Ева взглянула на Эдварда – мальчик сидел в конце автобуса, рядом с Флорой, и девочка держала его за руку.
Внимание ее вновь обратилось вовне, в мир за окном, – автобус проезжал мимо смутно различимого креста, торчащего из мокрой грязи. Ева собиралась было поинтересоваться у Джима, что это и зачем, однако вопрос начисто вылетел у нее из головы, – перед ними возник из тумана силуэт огромного старинного особняка.
Родс вздохнул с облегчением:
– Добро пожаловать в особняк Ил-Марш.
Особняк Ил-Марш
«Запущенный» и «заброшенный» – вот два слова, пришедших на ум Еве, рассматривавшей особняк Ил-Марш. Он стоял, значительный и величавый, подобно древнему монолиту или памятнику давно прошедших эпох, окутанный сыростью и туманом, точь-в-точь последний, еще не сваленный временем могильный камень на забытом, разрушенном кладбище.
Ева невольно шагнула назад и споткнулась о толстый черный провод.
– Осторожнее, – подхватив ее, Джим Родс кивнул в сторону провода, – там за углом флигель, мы в нем электрогенератор установили.
Джин бродила туда-сюда, пытаясь поближе познакомиться с новым пейзажем.
– Взгляните-ка, – указала она куда-то поодаль и обернулась к Джиму, – колючая проволока. Это что же, тоже необходимо?
– Я тут ни при чем, – Родс равнодушно пожал плечами, – проволоку натянули местные силы самообороны.
– Очевидно, чтоб к нам немцы не прорвались?
С тяжелым вздохом Джим повел детей в направлении дома, будто пастух стадо. Ева, смерив мрачным взором колючую проволоку, последовала за ними.
Внутри дом выглядел ничуть не лучше, чем снаружи, – если честно, он выглядел даже хуже. Никто не жил в нем десятилетиями, возможно, он был необитаем с прошлого века, – и особняк полностью сдался запустению. Краска на деревянных балках и панелях облупилась и растрескалась, обои свисали со стен изорванными клочьями. Тут и там висели керосиновые лампы – заржавелые, опутанные паутиной, ненужные. И везде – черные пятна плесени, словно темнота извне пытается прорваться в дом. На ощупь стены казались мокрыми, холод стоял чудовищный, сквозняк и сырость щекотали и пощипывали кожу Евы. Она сразу поняла: нет, в этом месте ей не согреться никогда.
По всему дому тянулись толстые черные провода, вроде того, на который она наткнулась во дворе.
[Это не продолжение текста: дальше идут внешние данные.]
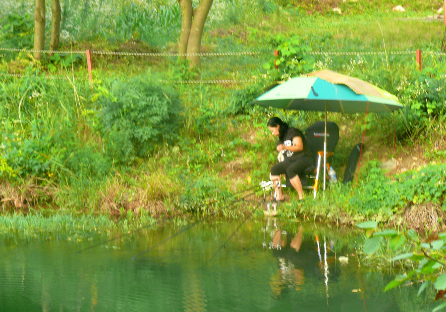 땡볕 더위에 대편성을 하고 낚시를 즐기는 마눌님입니다.
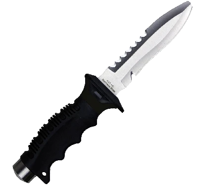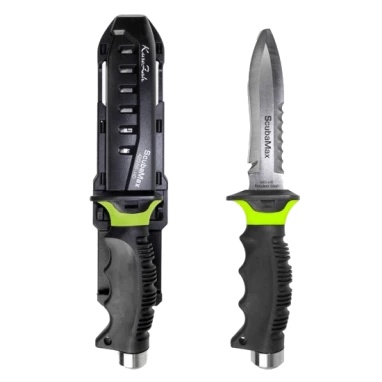 - Newly designed full-size blunt tip dive knife with stylish sheath and double push button locking system

Змеями они вились по стенам, тянулись к запыленным лампочкам, которые осветили дом тусклым мигающим светом, когда Джим Родс щелкнул выключателем.
Стоя у большой центральной лестницы, Ева и Джин осматривались. Обе словно лишились дара речи. Джим, принявший их ужас за потрясение, удовлетворенно кивнул:
– Да, большой дом, верно?
Ни Джин, ни Ева не отвечали. Детишки, сгрудившиеся у них за спиной, тоже шарили глазами окрест.
Джим прохромал к старинным двустворчатым дубовым дверям и попытался их отворить, что вышло у него далеко не с первого раза – дерево настолько разбухло от сырости и растрескалось. В комнате друг напротив друга застыли два ряда застланных кроватей с железными рамами. Занятых среди них не наблюдалось.
– Здесь будут жить дети, – объяснил он.
Джин смерила взглядом холл, заглянула в детский дортуар и вновь обернулась к Джиму:
– Так, а где остальные?
– Какие остальные? – озадачился Родс.
На лице Джин застыло раздражение.
– Остальные. Группы из других школ.
– А, – расслабился Джим, – остальные только на следующей неделе должны подъехать. Вы – первые.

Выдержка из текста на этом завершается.